I took a number of research trips of my own into parts of this same bog. I found the industrial peatlands were nearing the end of production. I took photographs documenting that strange moment when the land is no longer being extracted, but where the infrastructure of extraction still lies impotently there, bent and broken and quiet. Most of the Bord na Móna lands in Longford, Laois and Roscommon have had their drainage systems removed or blocked up. The water tables have risen, and the excavated ground is now all shallow lake and rushes and tentative wildlife.
The land looks more similar, I imagine, to what CS Andrews would have encountered back in the early 1930s, before extraction began; the difference being that now reserves of combustible peat no longer exist under the water, nor reserves of geological time and frozen incidental moments in human history.
I don’t know the natural landscape of my youth without these conspicuous machines — substations, power-station chimneys, narrow-gauge railways, peat harvesters — sitting on or moving across the space.
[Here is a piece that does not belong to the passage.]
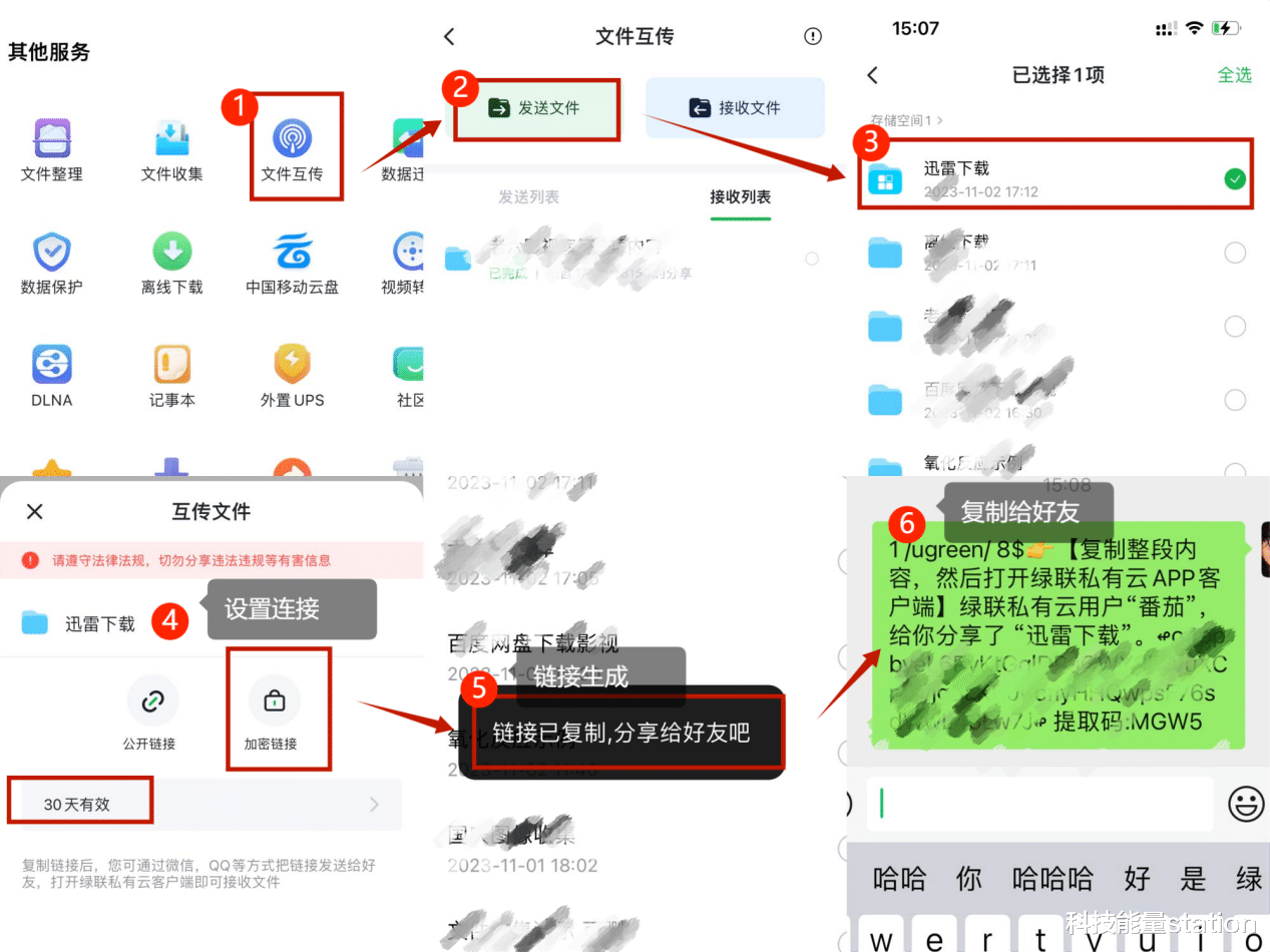 ▼发送端:在手机端就能操作完成:点击文件互传按钮——选择发送文件——选择需要传输的文件夹——设置有效期及分享链接——最后看到链接建成的提示后,复制链接分享好友即可。

So when I returned home to visit my parents a few months back, and they took me out for a walk around a recently reclaimed stretch of industrial bog — now a lake — I found that the absence of machinery and infrastructure made the place eerie and unnatural.
When I looked at this framed aerial photograph of our house once more, I realised that this arrangement of fundamental elements I’ve spent my time looking at hold not only processes and energy, but also stories that reach out far beyond their setting.